Estaba sentada en la mesa, con las piernas cruzadas y las manos apoyadas junto a mis caderas. Él se acercaba a mí con paso felino. Era muy atractivo, eso era innegable, y ahora, no me parecía tan malo ese exceso de seguridad en sí mismo que tenía, quizás, incluso me venía bien para mi autoestima.


– ¿Qué te ha sucedido?


Así que no le había engañado, sabía qué ese cambio repentino en mí, estaba ocasionado por algo, algo concreto que tenía nombre. Asustaba cómo me intuía.


– Nada.


– No puedes mentirme.


– No me ha pasado nada, en serio, que he ido a arreglar lo del golpe y resulta que me faltaba tu matricula, y tus apellidos.


– Lo sé, lo hice con conocimiento de causa, para verte de nuevo. Por eso no me he ido hoy todavía de aquí, te estaba esperando.


– ¿Me esperabas? – eso me había sorprendido.


– Siempre te he esperado, sólo es que no llegabas.


– Dame el número de la matrícula y podré irme.


– No, no voy a dejar que te marches. Estás preciosa. Te llevaré a cenar.


– ¿Y tu mujer no te echará en falta?


– Ella, está ocupada.


Alzo la ceja. Eso me sorprende, ¿qué será lo que oculta? ¿Qué clase de acuerdo matrimonial tendrán?


– No te sorprendas, ya te he dicho que mi matrimonio, no es un matrimonio feliz.

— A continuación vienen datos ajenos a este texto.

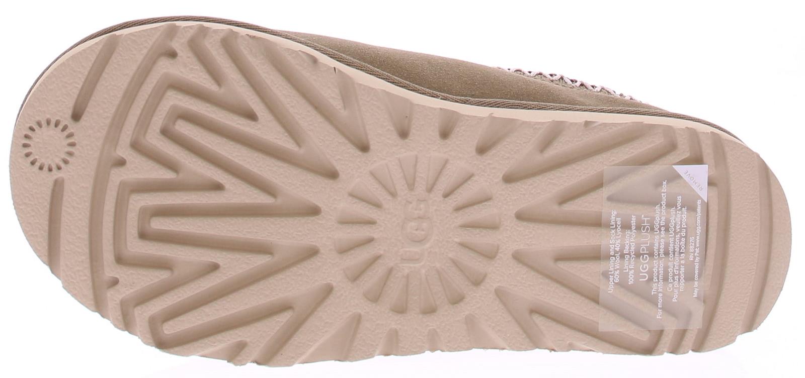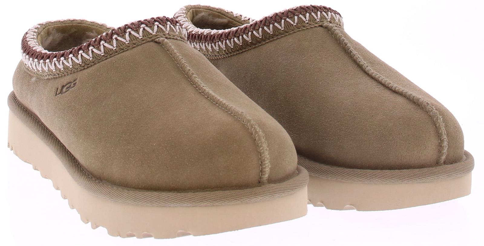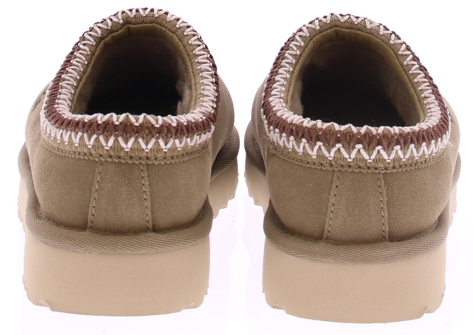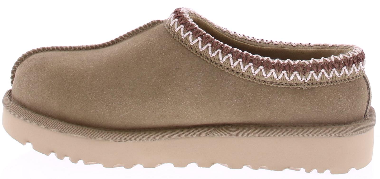 Khaki suede dames muil van Ugg. Deze Tasman heeft lichte zool. Langs de instap zit een geborduurde rand in dark brown met off-white. De voering is net zoals bij andere Ugg's gemaakt van aangename schapenvacht. Aan de zijkant van de wreef zit het Ugg logo gedrukt.

– ¿Entonces por qué seguir casados?


– ¿Por qué lo sigues tú?


– Supongo que por todo y por nada.


– Lo mismo podría decir. Y ahora, mi hermosa princesa, ¿me dejas llevarte a cenar a un sitio donde nadie nos conozca y dónde nadie pueda vernos?


Estaba entre mis piernas, sus manos grandes y ásperas sobre mis muslos y eso hacía que mi cuerpo bullese. Era un hombre capaz de hacer perder el control a cualquier mujer, en cualquier momento, ¿por qué su esposa no era feliz con un hombre así?


Asentí antes de darme cuenta, él sonrío, triunfal, sabía que estaba ganando no sólo una batalla, si no la guerra, y sabía que pronto suplicaría.


– Antes de irnos – le susurré – ¿podría ver uno de los calabozos?


Él sonrió de forma traviesa.


– Sabes que no te voy a tocar, hasta que me lo supliques, ¿verdad?


– Aún no estoy dispuesta a suplicarte. Sólo sentía curiosidad.


– Te los mostraré, para que cuando me imagines devorándote ésta noche, todo parezca más real.


Maldita sea, ese hombre conocía mis pensamientos antes que yo misma.